Hochzeit feiern in Zeiten von Corona – das geht. Welche Regeln dabei gelten, haben wir für Sie erfragt.

Wo kann überhaupt geheiratet werden?

Erhebliche Unterschiede gibt es zwischen den Standesämtern in Bad Säckingen und Waldshut-Tiengen. Während das Standesamt in Waldshut-Tiengen zu Beginn der Pandemie alle Trauungen absagt hatte, wurden im Standesamt in Bad Säckingen keine Hochzeiten abgesagt. In beiden Städten sind Trauungen unter bestimmten Voraussetzungen möglich.

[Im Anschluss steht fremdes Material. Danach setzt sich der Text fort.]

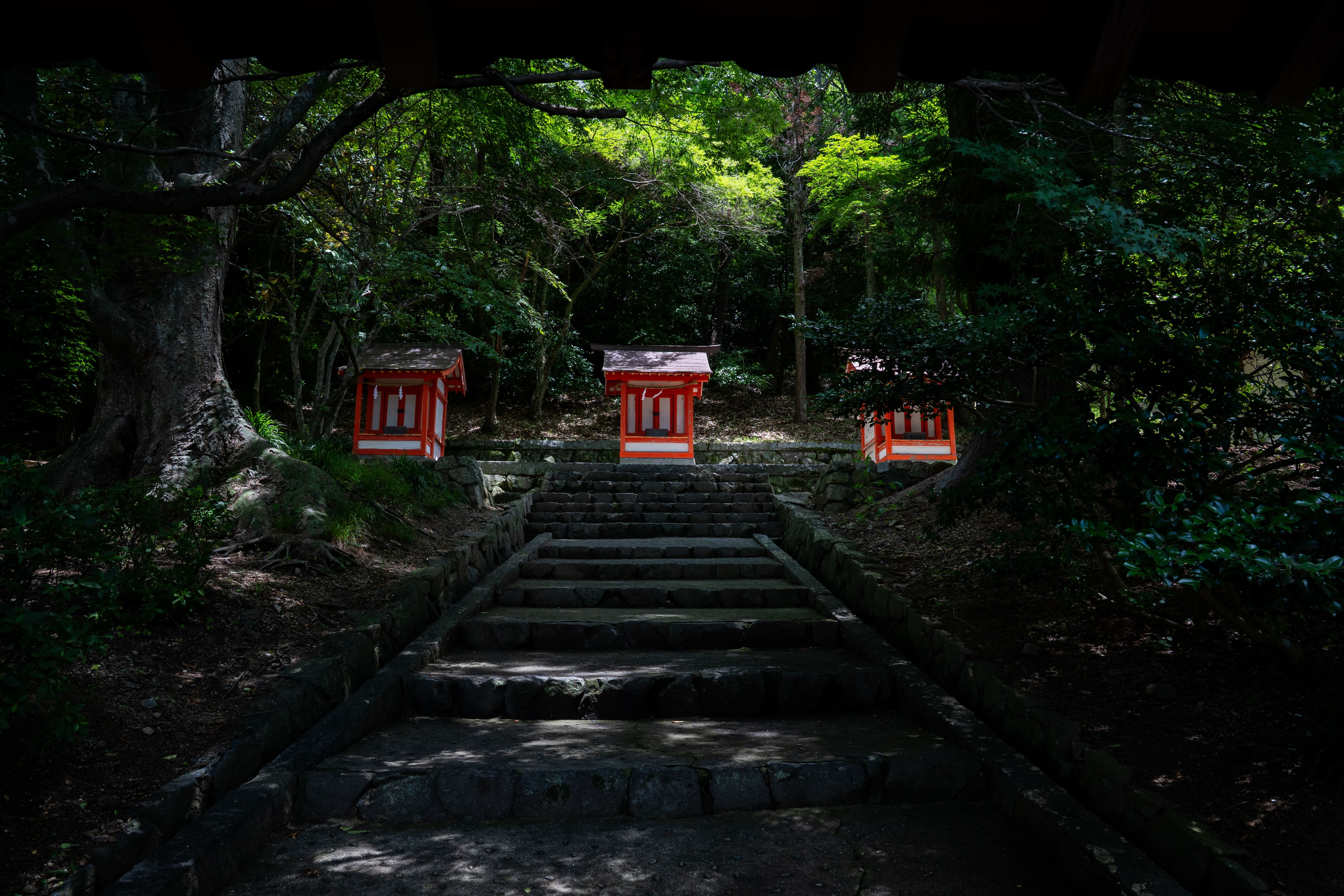 The stone steps leading to Iwayama Shrine are especially beautiful in early summer, when hydrangeas bloom in vibrant colors, adding brightness to the calm shrine grounds.

Im Standesamt in Bad Säckingen: Hier wird trotzdem geheiratet

Das Standesamt Bad Säckingen hatte nie geschlossen: „Wir haben die ganze Zeit durchgearbeitet und keine Hochzeiten abgesagt“, erzählt Ursula Schöneich, Abteilungsleiterin des Standesamts Bad Säckingen. Auch von Seiten der Brautpaare gab es nur wenige Absagen, etwa von jenen die ihre Hochzeit ganz groß feiern wollten. „Viele haben gesagt, sie trauen sich trotzdem und feiern dann nächstes Jahr ganz groß“, so Schöneich.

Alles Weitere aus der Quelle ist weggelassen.